Church in an Island off the Coast of Panay

EMERLITA was running away from life. She was also running away from the law.

In this little island off the coast of Panay, she was determined to hide for a time. And if she saw a police patrol boat, for sure she would run away again. May be she would jump into the sea; that way, they would never see her again. She would be another statistic. She did not want to be caught alive.

When she said she was running away from life, she meant that she is not going to fall in love again. She hated men, and she also hated women who compete with other women for the attention and love of men.

When she said she was running away from the law, she meant the police.

HER TROUBLE began when she fell in love with a guy ten years her junior. The warm blue of this man’s eyes pleaded to her and charmed her to submission. Those eyes too promised a sense of comfort and security. Their whirlwind romance lasted a month. Then also followed a hurried wedding before a priest, who was a relative of the man.

After the wedding, those blue eyes became colder gray. Emerlita did not realize she had married a sado-masochist. He insisted on beating her to submission even if she was willing.

Six months after their wedding, her husband brought home another woman. They had just been married in another town, he said, in a wedding officiated by another priest. The new bride was much younger, and prettier. And so Emerlita, wife number one, was demoted to the rank of concubine and cook.

The days that followed became unbearable for Emerlita. Her husband criticized her cooking, and beat her with a rattan pole. It was true that Emerlita had not learned to love her husband, but she could have. The problem was that their marriage had started on the wrong foot. He hurt her on the first night. How then would she love him? It was not true that Emerlita could not learn how to cook European dish.
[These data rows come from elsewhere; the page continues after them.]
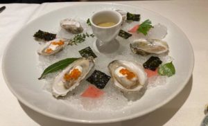 I remarked during our dinner that I was remined of my visits to Wheeling’s La Francais and its chef Jean Banchet only to learn that Mark worked there , prior to opening Oceanique ,and learned from this renowned chef. During the course of the meal, he came by our table several times to see how we were doing. In fact, I think that is the beauty of going to a restaurant on a Tuesday night– they have time to talk with you and that truly enhances the complete experience. This is not “just a dinner out”- this is “a night to remember”. What a spot for a special occasion !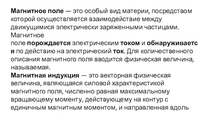 Магнитная индукция — это векторная физическая величина, являющаяся силовой характеристикой магнитного поля, численно равная максимальному вращающему моменту, действующему на контур с единичным магнитным моментом, и направленная вдоль положительной нормали к контуру.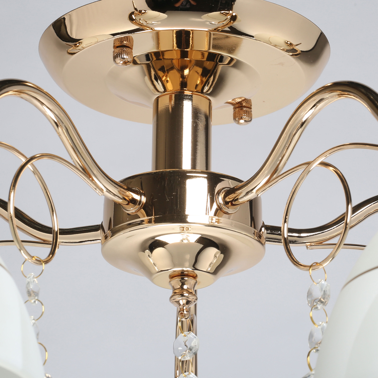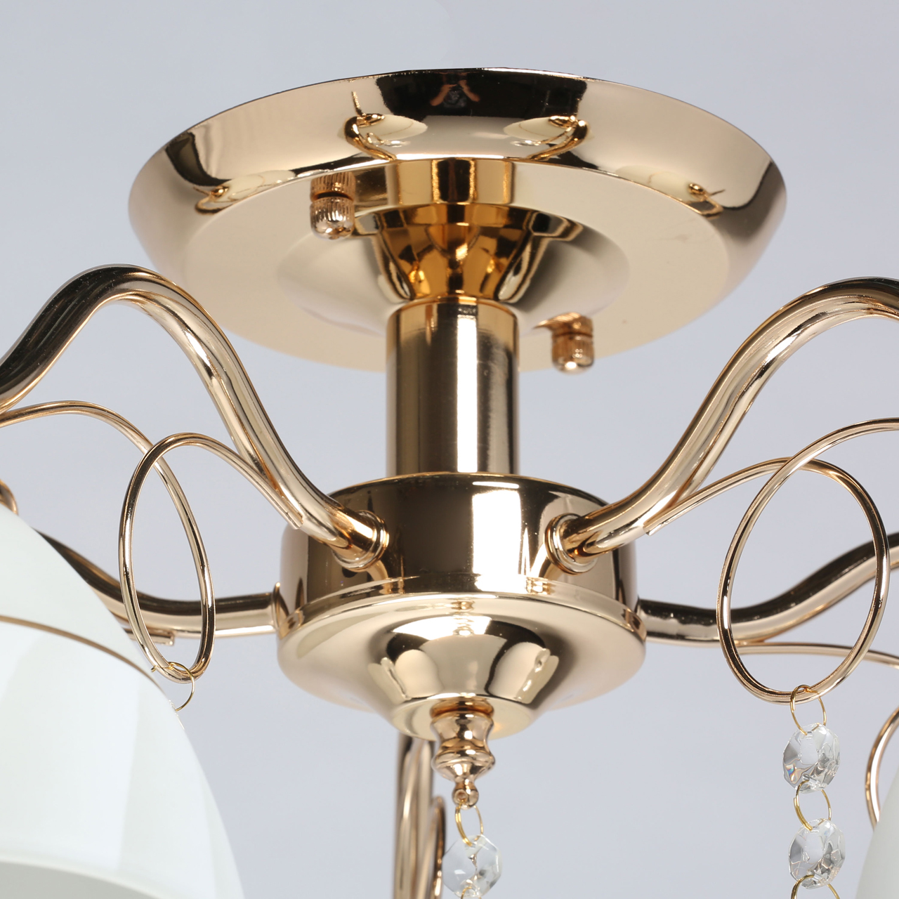 Основание/металл / золото. Плафон / стекло/ белое, золото. Декор/ хрустальное стекло/ прозрачное.Технология производства
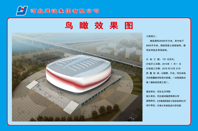 該工程總建筑面積2.63萬(wàn)平方米,鋼筋混凝土框架結(jié)構(gòu),屋頂采用弦支穹頂結(jié)構(gòu),工程中標(biāo)價(jià)7700萬(wàn)元,工期731天。該項(xiàng)目為2022年冬奧會(huì)的基礎(chǔ)項(xiàng)目工程,它將有力促進(jìn)我省體育事業(yè)的快速發(fā)展,為申辦2022年冬季奧運(yùn)會(huì)提供條件支撐。

The man was a constant complainer, who even criticized his mother’s cooking.

Her husband kicked her on the shin. The other woman also joined in the fray. To top it all, she poured on the kneeling woman the bowl of “unpalatable” dish. They both laughed at her. When Emerlita ran toward the kitchen, they chased her, for they meant to inflict more harm.
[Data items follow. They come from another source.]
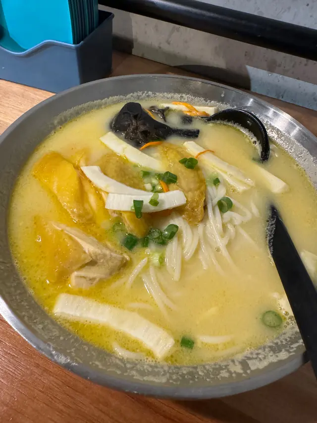相隔咗一段時間,無意中喺社交媒體網站post見到d foodie評價呢間仲講到好好咁,所以我約左友人做完gym過嚟試多次,今次椰子雞米線,講返少少過嚟時候嘅經過 。我同朋友兩個大概8:30左右過到嚟,已經有六,七人以上排隊排隊 。咁啱我哋排到去嘅時候啱啱好佢哋截龍。大概10分鐘左右我哋被安排入座 。因為已經諗好食乜嘢,已經可以即刻落單。我同友人都係Order米線扣底,大概45分左右,米線到左 。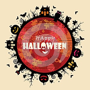 frame round pumpkin illustration holiday traditional artistic circle spooky haunted red beige grass texture background orange treat cat backdrop copyspace trick bat border spiders scary flying fall autumn vector celebration festive abstract ghosts house design seasonal retro stains horror graphic october curly foliage jack grunge lantern trees composition web black creepy silhouette halloween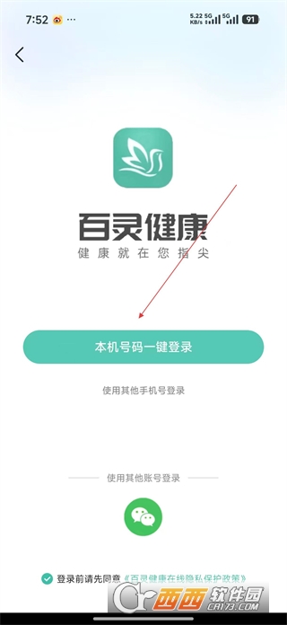 1、打开百灵健康软件,进入登录页面,勾选同意隐私保护政策,选择本机号码一键登录方式,完成账号登录。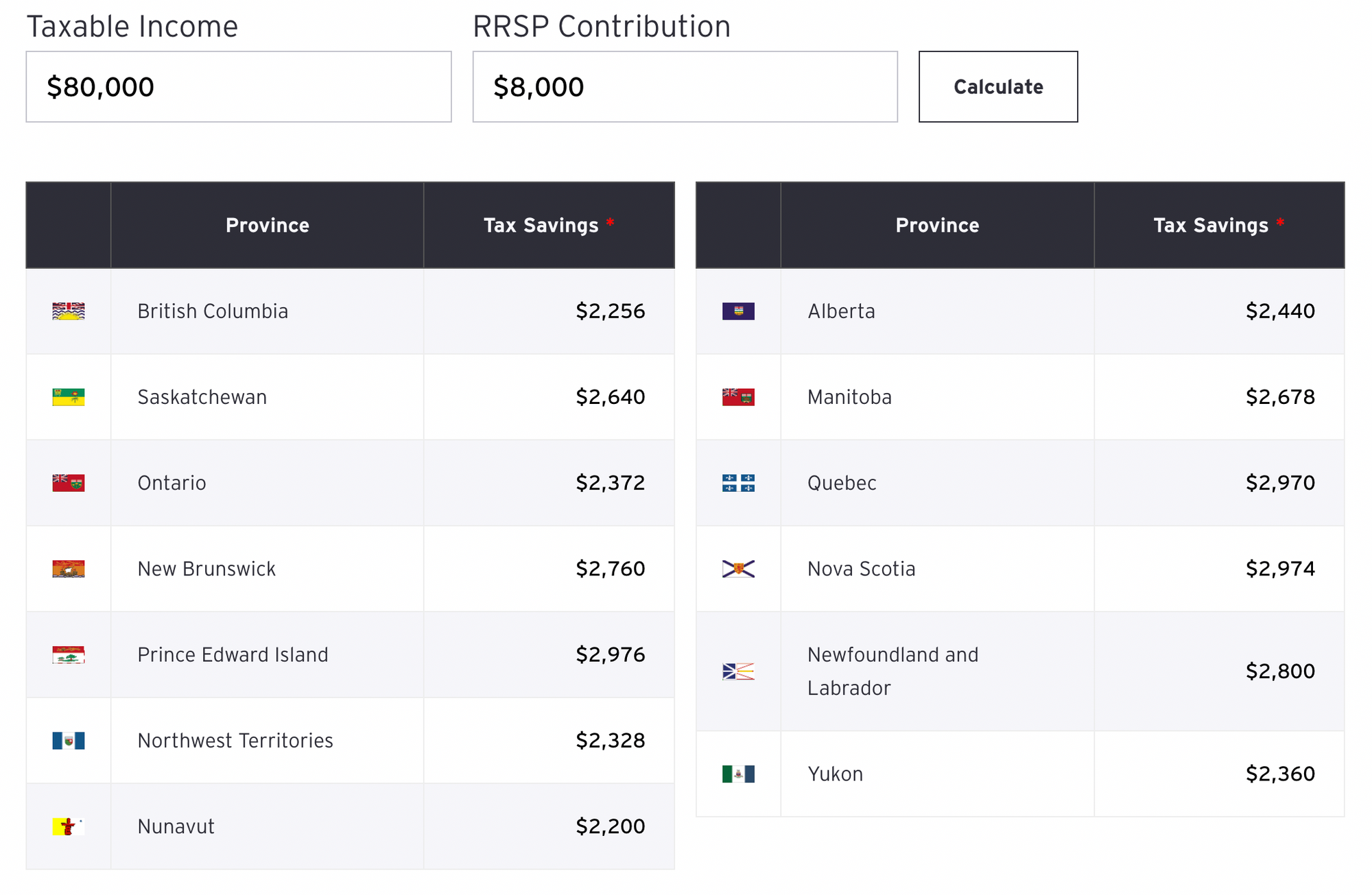Folks can get a quick and dirty idea of potential tax savings—based on their income—using this EY RRSP contribution calculator.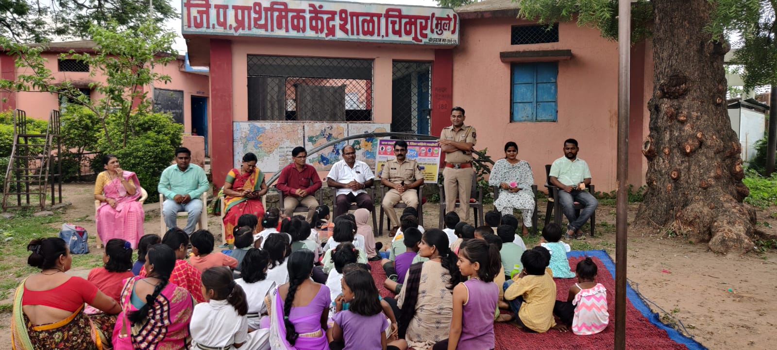 चिमूर:-चिमूर येथील जिल्हा परीषद केंद्रीय प्राथमिक शाळा, अभ्यंकर मैदान येथे ग्रिन डे निमित्त सकाळ वृत्त समूहाचे वतीने वृक्षारोपनाचे कार्यक्रम घेण्यात आले. या कार्यक्रमाचे अध्यक्ष केंद्र प्रमुख तुळशिराम महल्ले, प्रमुख अतिथी उपविभागीय पोलिस अधिकारी तथा उपअधिक्षक राकेश जाधव, नगर परिषद, चिमूर मुख्याधिकारी डॉ. सुप्रिया राठोड, पोलिस निरीक्षक मनोज गभने, प्रशासकिय अधिकारी नगर प्रदिप रणखांब,शाळा व्यवस्थापन समिती अध्यक्ष श्रीहरी सातपुते,मुख्याध्यापिका सरिता गाडगे,वर्षा निमजे, रविंद्र बावनकर इत्यादी मान्यवर मंचावर उपस्थित होते.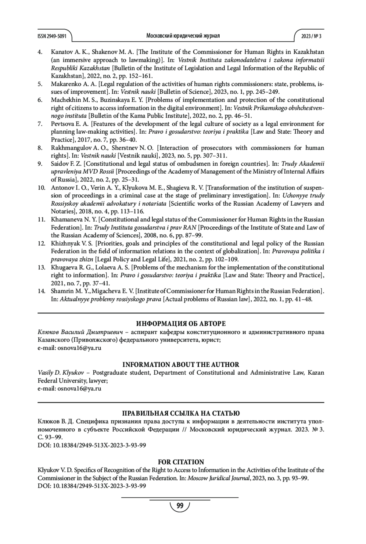 11. Хаманева Н. Ю. Конституционно-правовой статус Уполномоченного по правам человека в Российской Федерации // Труды Института государства и права РАН. 2008. № 6. С. 87-99.

She was crying. And with a knife in hand, she turned at them.

Because the judge of the town was also her husband’s relative, the case against Emerlita was tried with dispatch. She had killed her husband’s other woman, and she had almost killed him too. After a month in the town jail, she was brought to Women’s Correctional. Six months later, she was transported to Davao Penal Colony.

A jail guard took pity of Emerlita and allowed her to escape. He also gave her some money. Soon Emerlita found her way to Panay, to an island you could not even find in an old map.

That’s where an American preacher found her also. He taught her the gospel, which spoke of God’s great love for sinful men and women, and of Jesus, whose death on the cross paid for her sins and the sins of all mankind.

Some things troubled Emerlita and she made no secret of it to the American preacher. If she would be truly repentant of her sins, does that mean she should return to her first husband whom she almost killed? Does that mean she should leave the man she is now living with? Does that mean she should give up herself to the police?

We five field workers, sent by our Bible college, arrived in the island a year later. We found a church that had already been worshipping in the house of Emerlita. When their number increased, they decided to put up a hut that could serve as their meeting place. We served as their nurturers during the four months that we stayed in the island.

God used me too as an instrument to teach Emerlita’s husband. The man however insisted that he would not submit himself to baptism unless he himself read from the Bible what God wants him to do. Because he was not educated (he had not gone to school), I had to teach him how to read. Three months later, I baptized him.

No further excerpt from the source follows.